▶ _PROBLEM REQUIREMENTS_
Look below for the line that contains "pure operating system.", then quote it and all the lines after it, exactly, with the pictures left out.

▶ _SUPPLIED ENTRIES_
######

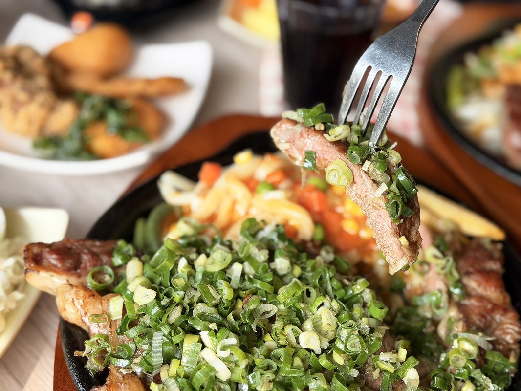 ⦁ 暴量香蔥:嚴選優質青蔥,富含蔥素(Alliin)與維生素 C,有助於維持免疫力 。當滿滿的青蔥撒在滾燙的鐵板上,辛香味瞬間被高溫激發,與多汁肉排交織出經典台式層次 。
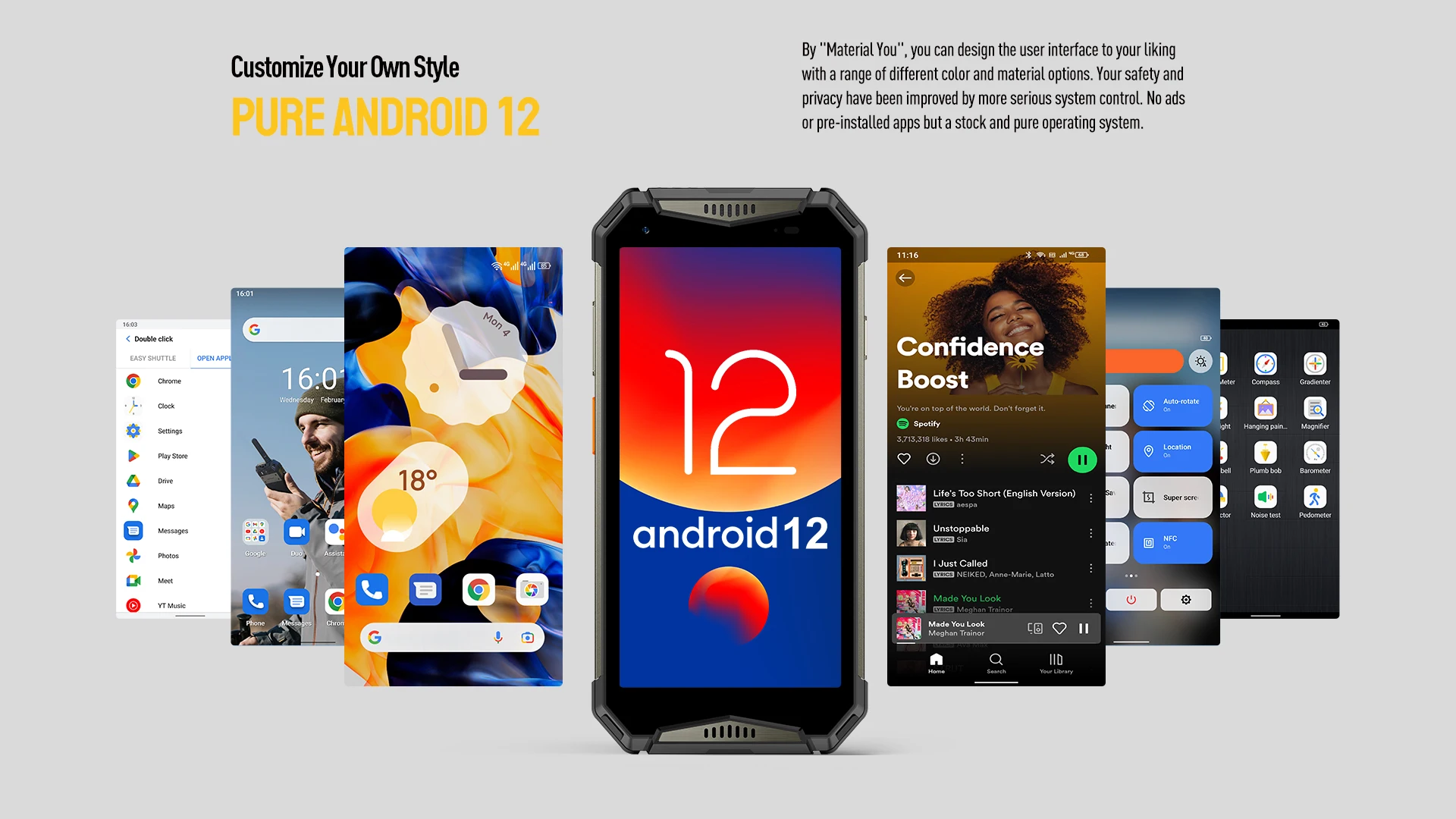 By "Material You", you can design the user interface to your liking with a range of different color and material options. Your safety and privacy have been improved by more serious system control. No ads or pre-installed apps but a stock and pure operating system.
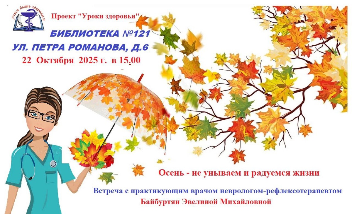 Приглашаю 22 октября на встречу с практикующим врачом неврологом-рефлексотерапевтом. Время: 15:00 Место: Библиотека №121 по адресу ул. Петра Романова дом 6.
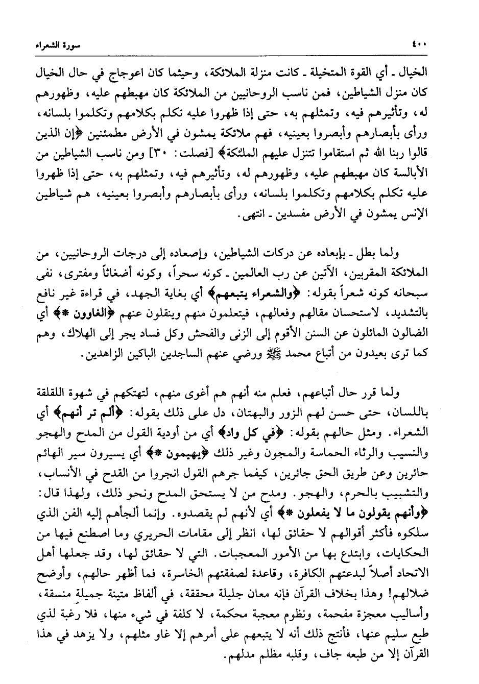 التي لا حقائق لها ، وقد جعلها أهل الاتحاد أصلاً لبدعتهم الطافرة ، وقاعدة لصفقتهم الخاسرة ، فنا أظهر حالهم ، وأوضح ضلالهم وهذا بخلاف القرن فإن معان جليلة محققة ، في ألفاظ متينة جميلة منسقة ، وأساليب معجزة مفحمة ، ونظوم معجبة محكمة ، لا كلفة في شيء منها ، فلا رغبة لذي طبع سليم عنها ، فأنتج ذلك أنه لا يتبعهم على أمرهم إلا غاو مثلهم ، ولا يزهد في هذا القرآن إلا من طبعه جاف ، زقلبه مظلم مدلهم .
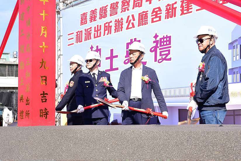 嘉義縣警察局中埔分局三和派出所辦公廳舍新建工程,於114年12月8日上午9時30分在嘉義縣中埔鄉下六段公舘小段398-16、398-26及445地號(中華路與和興路口)舉行動土典禮,典禮由縣長翁章梁、嘉義縣議會議長張明達及警察局局長李權哲等人主持祭祀與動土儀式,祈求新建工程能圓滿順利竣工。
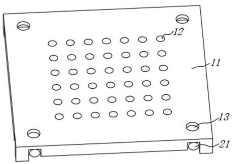 本实用新型涉及地垫技术领域,特别是为实现上述目的,本实用新型提供如下技术方案:一种易清洁的拼接组合地垫,包括若干主体,所述主体的侧壁设有若干滑槽,所述滑槽的开口处设有吸盘,所述吸盘朝向所述滑槽的开口方向;所述滑槽的底壁贯穿所述主体;装配时,两两所述主体的侧壁贴合,对应所述主体的侧壁处的所述吸盘相互连接;本实用新型通过设置吸盘来连接地垫的主体,减少设置卡扣拼接齿槽,方便清理,不会有灰尘残留,同时两两吸盘连接,强度较高,保证地垫连接的稳定性,不会出现上下晃动的,通过设置滑槽,将吸盘容置于滑槽内,防止吸盘损坏。

######

▶ _SOLUTION TO THE PROBLEM_
 By "Material You", you can design the user interface to your liking with a range of different color and material options. Your safety and privacy have been improved by more serious system control. No ads or pre-installed apps but a stock and pure operating system.
 Приглашаю 22 октября на встречу с практикующим врачом неврологом-рефлексотерапевтом. Время: 15:00 Место: Библиотека №121 по адресу ул. Петра Романова дом 6.
 التي لا حقائق لها ، وقد جعلها أهل الاتحاد أصلاً لبدعتهم الطافرة ، وقاعدة لصفقتهم الخاسرة ، فنا أظهر حالهم ، وأوضح ضلالهم وهذا بخلاف القرن فإن معان جليلة محققة ، في ألفاظ متينة جميلة منسقة ، وأساليب معجزة مفحمة ، ونظوم معجبة محكمة ، لا كلفة في شيء منها ، فلا رغبة لذي طبع سليم عنها ، فأنتج ذلك أنه لا يتبعهم على أمرهم إلا غاو مثلهم ، ولا يزهد في هذا القرآن إلا من طبعه جاف ، زقلبه مظلم مدلهم .
 嘉義縣警察局中埔分局三和派出所辦公廳舍新建工程,於114年12月8日上午9時30分在嘉義縣中埔鄉下六段公舘小段398-16、398-26及445地號(中華路與和興路口)舉行動土典禮,典禮由縣長翁章梁、嘉義縣議會議長張明達及警察局局長李權哲等人主持祭祀與動土儀式,祈求新建工程能圓滿順利竣工。
 本实用新型涉及地垫技术领域,特别是为实现上述目的,本实用新型提供如下技术方案:一种易清洁的拼接组合地垫,包括若干主体,所述主体的侧壁设有若干滑槽,所述滑槽的开口处设有吸盘,所述吸盘朝向所述滑槽的开口方向;所述滑槽的底壁贯穿所述主体;装配时,两两所述主体的侧壁贴合,对应所述主体的侧壁处的所述吸盘相互连接;本实用新型通过设置吸盘来连接地垫的主体,减少设置卡扣拼接齿槽,方便清理,不会有灰尘残留,同时两两吸盘连接,强度较高,保证地垫连接的稳定性,不会出现上下晃动的,通过设置滑槽,将吸盘容置于滑槽内,防止吸盘损坏。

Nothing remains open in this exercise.